Keep every word of the entries and print them exactly; the pictures stay out.
(Beginning of Exercise materials)
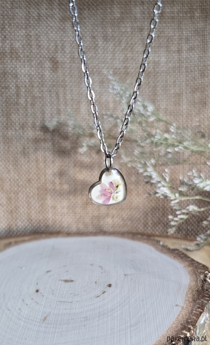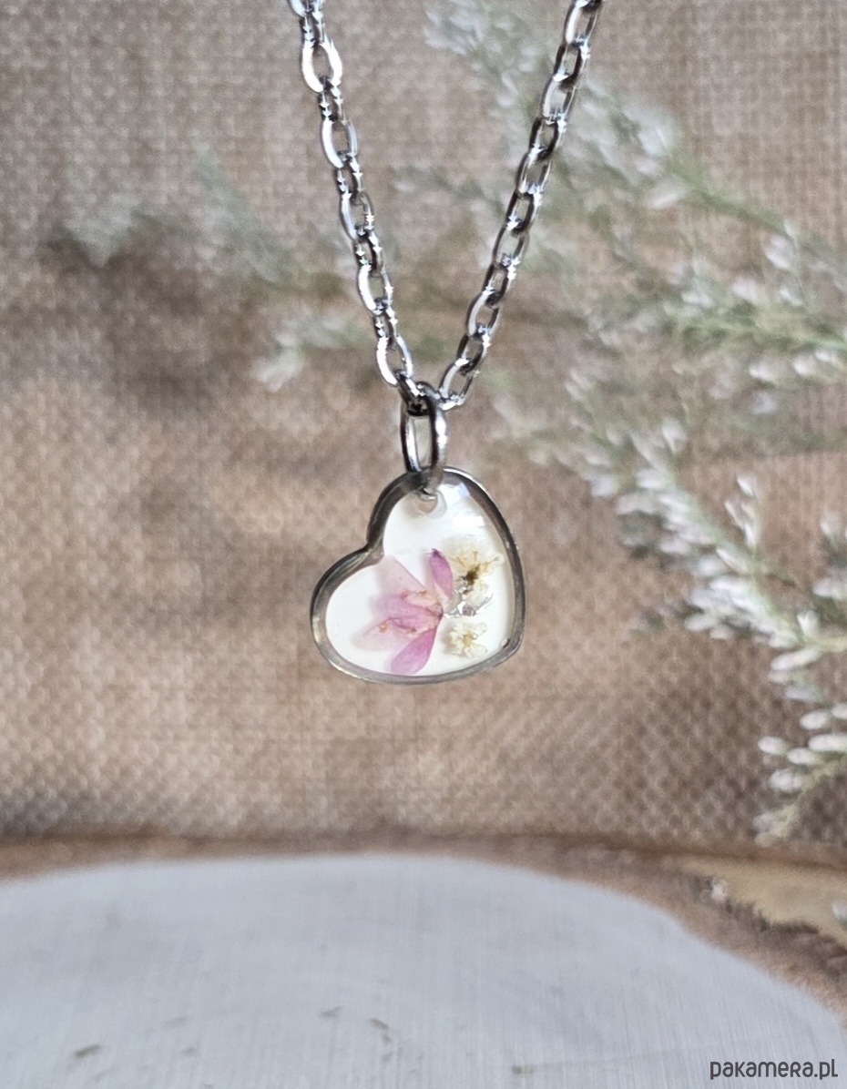 Oferuję Państwu unikalną biżuterię. Zawieszka jest wykonana z suszonych kwiatów i żywicy epoksydowej. Biżuteria jest wspaniałym i oryginalnym prezentem na lata.
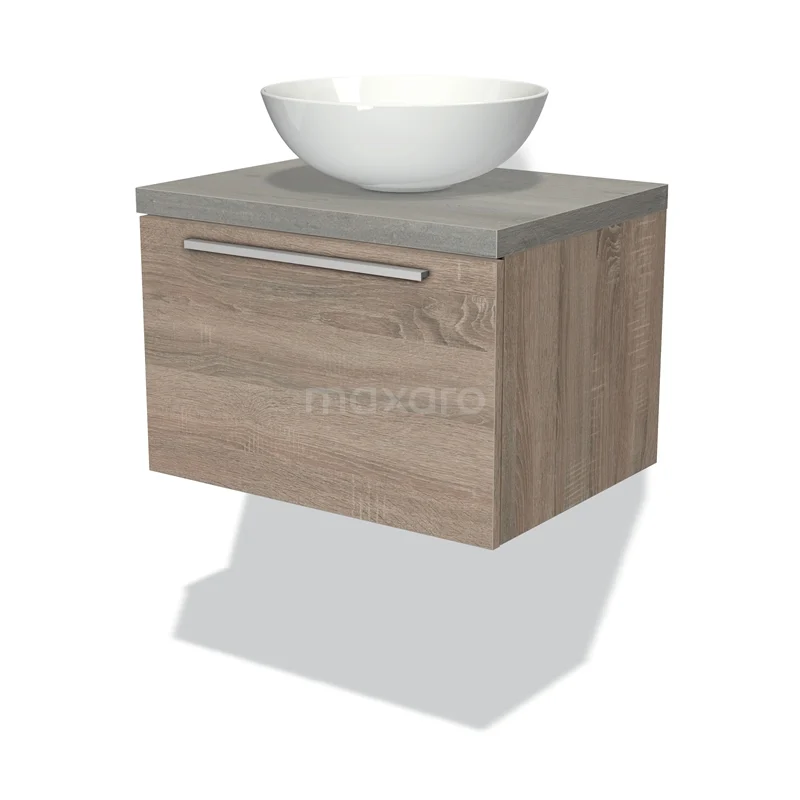 Modulo Plato Badmöbel mit Aufsatzwaschbecken | 60 cm Eiche Flach front Graue Eiche blatt 1 Schublade
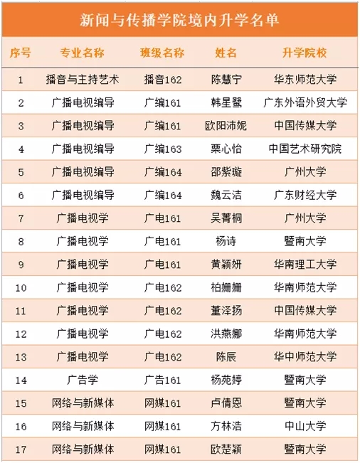 应届毕业生境内升学17人名单
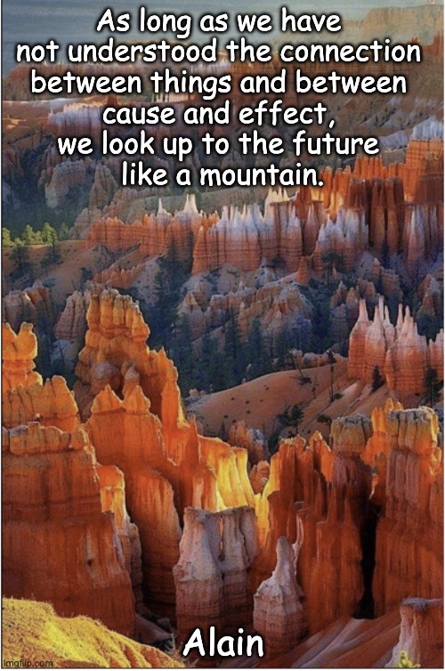 As long as we have not understood the connection between things and between cause and effect, we look up to the future like a mountain.
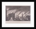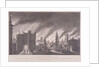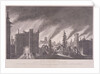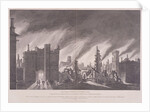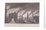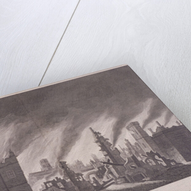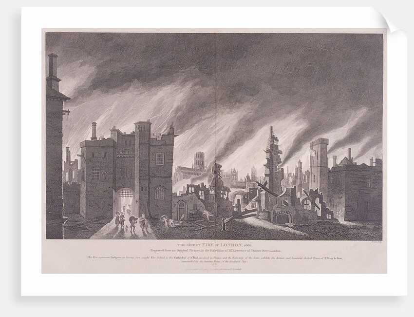 View of Ludgate having just caught fire as a result of the Great Fire of London 1666, London, 1811. The view shows St Paul's Cathedral and St Mary-le-Bow with families on the move.
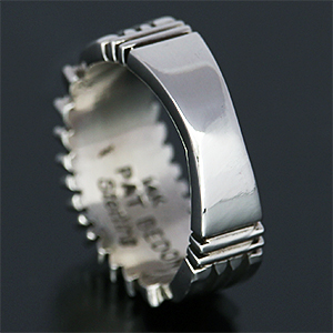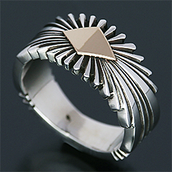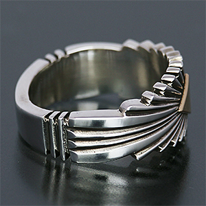 | NAVAJO/ナバホ族の女性アーティスト Patricia Bedonie/パトリシア・べドニーに制作依頼をしたリングです。 正確で美しいチゼルワークによるサンバーストデザインです。ダイヤ型のパーツは14Kを使用しています。 側面は凹凸が鋭いエッジが効果的で、形状はテーパーになっているため指あたりがとてもよく、装着感の良いリングです。 | ||
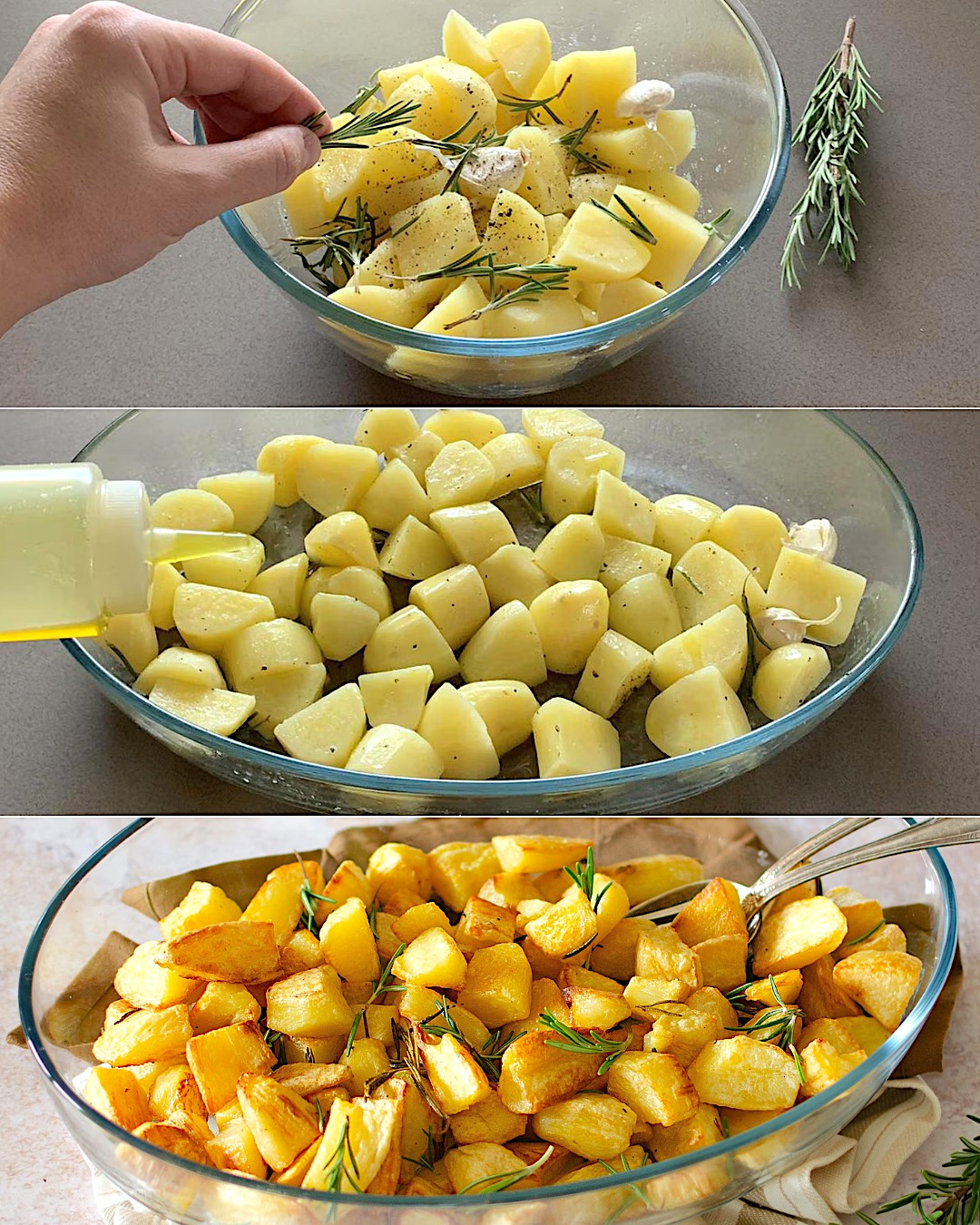 As batatas assadas são o acompanhamento perfeito: crocantes por fora e macias por dentro. Simples de preparar, podem ser cortados em fatias, cubos ou rodelas, temperados com azeite, alho, sal e alecrim. Perfeitos para acompanhar carne ou peixe, são também excelentes com legumes.
(End of Exercise materials)
Solution |
 Oferuję Państwu unikalną biżuterię. Zawieszka jest wykonana z suszonych kwiatów i żywicy epoksydowej. Biżuteria jest wspaniałym i oryginalnym prezentem na lata.
 Modulo Plato Badmöbel mit Aufsatzwaschbecken | 60 cm Eiche Flach front Graue Eiche blatt 1 Schublade
 应届毕业生境内升学17人名单
 As long as we have not understood the connection between things and between cause and effect, we look up to the future like a mountain.
 View of Ludgate having just caught fire as a result of the Great Fire of London 1666, London, 1811. The view shows St Paul's Cathedral and St Mary-le-Bow with families on the move.
 | NAVAJO/ナバホ族の女性アーティスト Patricia Bedonie/パトリシア・べドニーに制作依頼をしたリングです。 正確で美しいチゼルワークによるサンバーストデザインです。ダイヤ型のパーツは14Kを使用しています。 側面は凹凸が鋭いエッジが効果的で、形状はテーパーになっているため指あたりがとてもよく、装着感の良いリングです。 | ||
 As batatas assadas são o acompanhamento perfeito: crocantes por fora e macias por dentro. Simples de preparar, podem ser cortados em fatias, cubos ou rodelas, temperados com azeite, alho, sal e alecrim. Perfeitos para acompanhar carne ou peixe, são também excelentes com legumes.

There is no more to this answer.